We show the feature maps generated by the entire network during training. All feature maps are obtained by dimensionality reduction of the corresponding features. The images go through Resnet50 input to SGPFM for rough features, F5 output for edge features and F5 output for saliency features. After being processed by the SGPFM module and the BFF module, the background interference is effectively suppressed, and the edge features and saliency features of the foreground targets (e.g., the car and the bird) are presented as clear contours in the output of BFF1. For both edge features and saliency features, the predicted salient target segmentation results are more accurate and the prediction results of salient edges have more coherent contours due to the cross-optimization of these two kinds of information in multiple BFF modules. The improved results presented in Fig. 7 show that both segmentation performance and edge detection performance are gradually optimized when BSEFNet is equipped with multiple BFF modules.

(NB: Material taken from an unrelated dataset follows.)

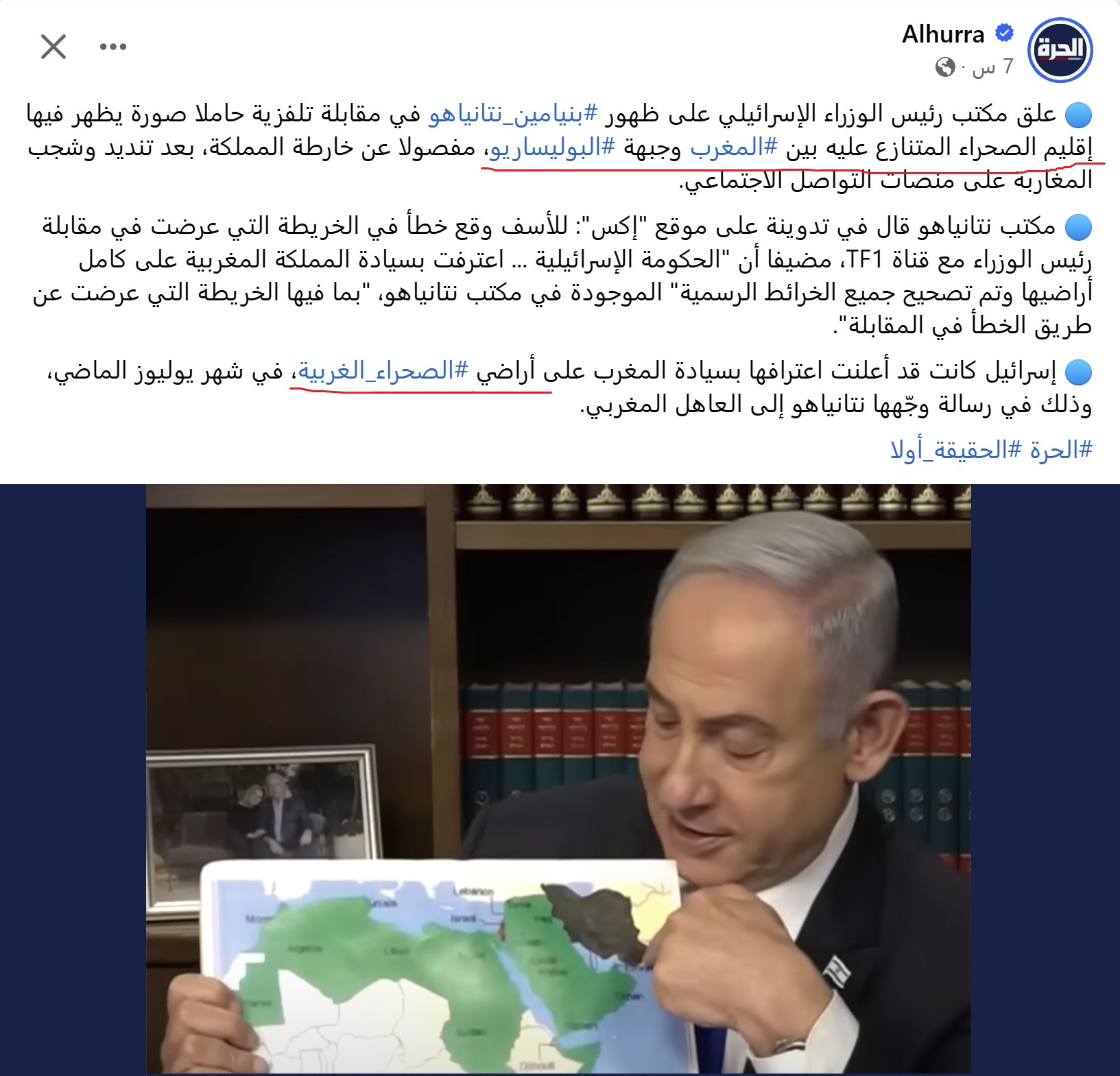 في الوقت الذي يتواصل فيه غضب المغاربة العارم وتنديدهم الشديد بما أقدم عليه رئيس الوزارء الصهيوني، بنيامين نتنياهو، من تطاول بشع على وحدة المملكة الترابية، عن سبق إصرار وترصد، أطلت علينا قناة الحرة الأمريكية، لسان أمريكا الديبلوماسي باللغة العربية، بخبر يضج بألفاظ دلالية لا تبشر بخير بشأن موقف الولايات المتحدة الأمريكية الحقيقي من قضية الصحراء المغربية.

Figure 7: Comparison of saliency feature map and saliency edge feature map, where (image output) is the saliency feature of the output and (edge output) is the edge feature of the output.

Download full-size image

DOI: 10.7717/peerjcs.2494/fig-7

Ablation analysis

An exhaustive ablation study was conducted to ascertain the efficacy of the different modules proposed in this paper. The results are tabulated in Table 2. We systematically replaced the DASSP module, asymmetric convolution (AC) and self-attention mechanisms within the SGPFMs, and the reverse convolution and feature fusion module (Fused Future + Deconv, FD) at the network’s output with simpler channel and reduction operations. Notably, each module introduced notable performance enhancements over the benchmark ResNet model, thus affirming their effectiveness. Moreover, the performance exhibited a progressive improvement with the incremental addition of these components. The consistent performance gains underscore the synergistic interplay among the proposed modules and their collective effectiveness in maximizing saliency detection performance (as indicated in the last row). Notably, the overall gain over the baseline model on the DUTS-TE dataset escalated by 2.5%.

Table 2:

Using ResNet as a baseline, different components are added incrementally to validate their effectiveness.

ResNet				DUTS-TE
DASSP	AC	Self-Attention	FD	MaxF ↑	MeanF ↑	MAE ↓
✓				0.866	0.851	0.042
✓	✓			0.872	0.86	0.04
✓	✓	✓		0.875	0.858	0.036
✓	✓	✓	✓	0.888	0.876	0.035

DOI: 10.7717/peerjcs.2494/table-2

Conclusion

In this paper, we propose a new saliency target detection model, BSEFNet, which effectively combines saliency semantic features and edge features. We design SGPFM to improve the feature extraction capability of the detected objects, effectively fusing saliency and edge features, reducing the cases of missing objects and improving the boundaries of the objects. We transfer the grouped features output from SGPFM to the BFF module for bi-directional optimization, which enhances the representation of intra-layer features. Compared with some state-of-the-art algorithms, our proposed BSEFNet achieves better performance on the four underlying datasets.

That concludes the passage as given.